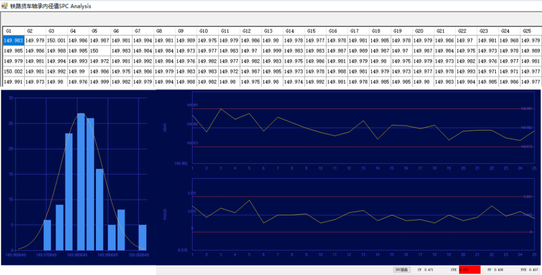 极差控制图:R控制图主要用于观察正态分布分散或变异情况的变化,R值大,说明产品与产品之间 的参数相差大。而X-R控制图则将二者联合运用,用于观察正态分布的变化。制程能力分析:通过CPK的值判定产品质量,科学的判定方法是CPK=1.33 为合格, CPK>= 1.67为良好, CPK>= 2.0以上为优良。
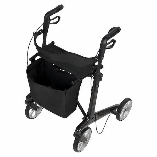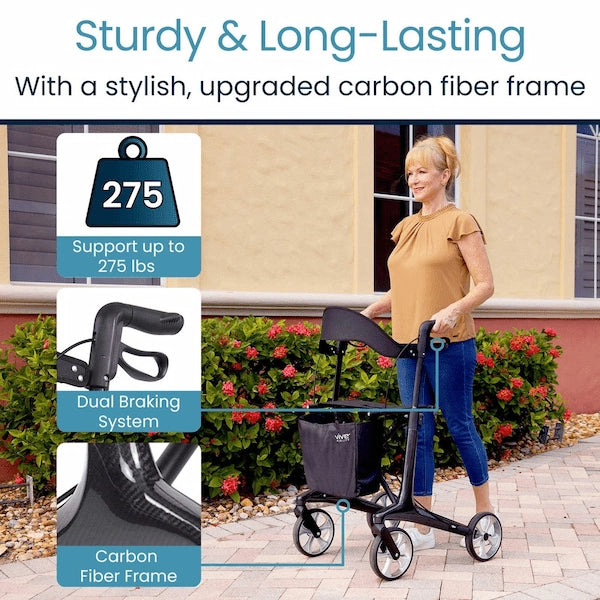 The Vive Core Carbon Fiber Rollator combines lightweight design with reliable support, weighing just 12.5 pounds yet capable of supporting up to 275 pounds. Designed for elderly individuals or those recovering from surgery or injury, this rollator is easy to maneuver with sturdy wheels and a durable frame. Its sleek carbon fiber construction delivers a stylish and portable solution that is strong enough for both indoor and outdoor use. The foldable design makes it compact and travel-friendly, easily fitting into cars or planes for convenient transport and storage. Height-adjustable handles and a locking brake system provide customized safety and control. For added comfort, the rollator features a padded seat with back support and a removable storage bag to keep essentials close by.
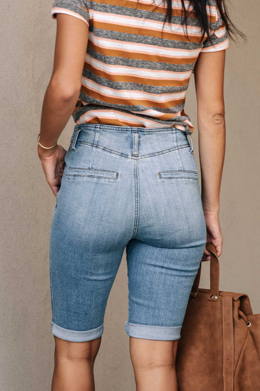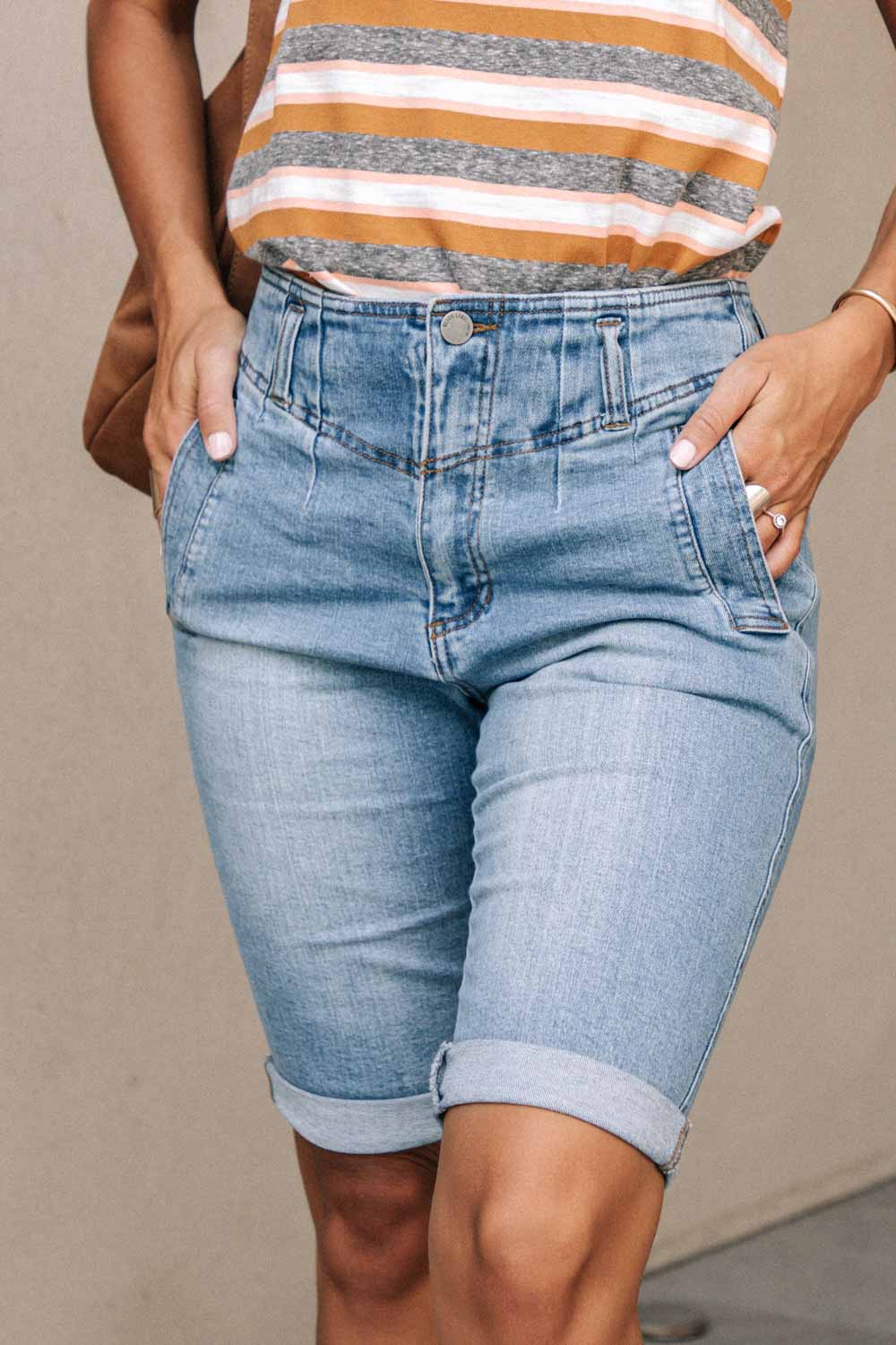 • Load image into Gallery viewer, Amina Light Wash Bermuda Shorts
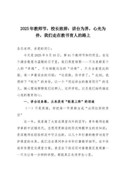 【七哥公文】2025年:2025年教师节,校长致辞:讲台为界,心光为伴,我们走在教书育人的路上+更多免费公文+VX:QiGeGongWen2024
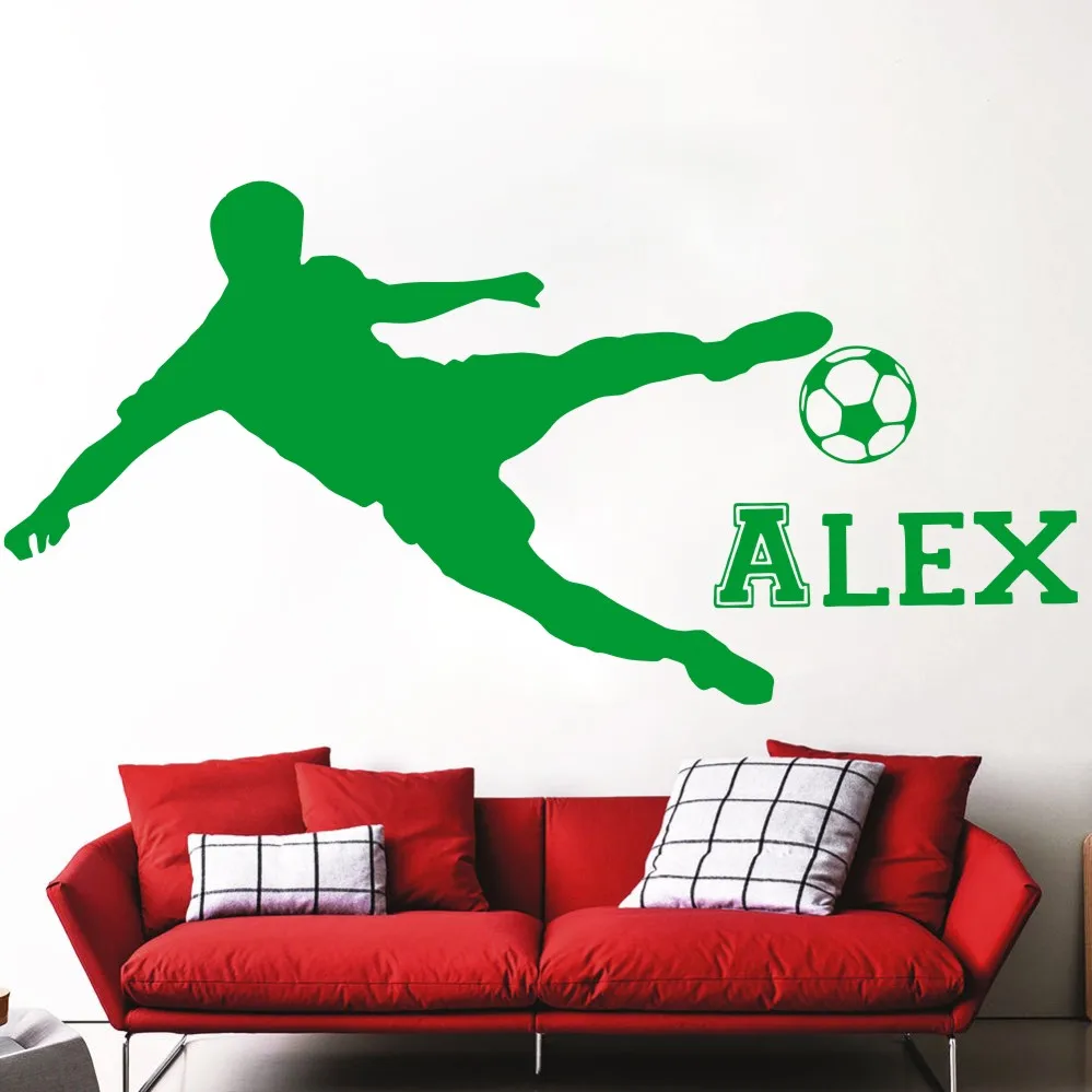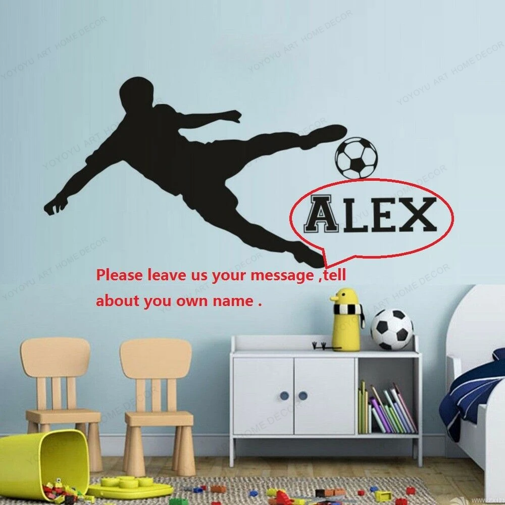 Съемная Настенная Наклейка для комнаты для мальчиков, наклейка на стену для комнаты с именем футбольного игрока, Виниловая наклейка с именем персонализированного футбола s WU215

(AIM OF THE EXERCISE):
Restate the whole listing above exactly, except for its images.

(EXERCISE OUTPUT):
 极差控制图:R控制图主要用于观察正态分布分散或变异情况的变化,R值大,说明产品与产品之间 的参数相差大。而X-R控制图则将二者联合运用,用于观察正态分布的变化。制程能力分析:通过CPK的值判定产品质量,科学的判定方法是CPK=1.33 为合格, CPK>= 1.67为良好, CPK>= 2.0以上为优良。
 The Vive Core Carbon Fiber Rollator combines lightweight design with reliable support, weighing just 12.5 pounds yet capable of supporting up to 275 pounds. Designed for elderly individuals or those recovering from surgery or injury, this rollator is easy to maneuver with sturdy wheels and a durable frame. Its sleek carbon fiber construction delivers a stylish and portable solution that is strong enough for both indoor and outdoor use. The foldable design makes it compact and travel-friendly, easily fitting into cars or planes for convenient transport and storage. Height-adjustable handles and a locking brake system provide customized safety and control. For added comfort, the rollator features a padded seat with back support and a removable storage bag to keep essentials close by.
 • Load image into Gallery viewer, Amina Light Wash Bermuda Shorts
 【七哥公文】2025年:2025年教师节,校长致辞:讲台为界,心光为伴,我们走在教书育人的路上+更多免费公文+VX:QiGeGongWen2024
 Съемная Настенная Наклейка для комнаты для мальчиков, наклейка на стену для комнаты с именем футбольного игрока, Виниловая наклейка с именем персонализированного футбола s WU215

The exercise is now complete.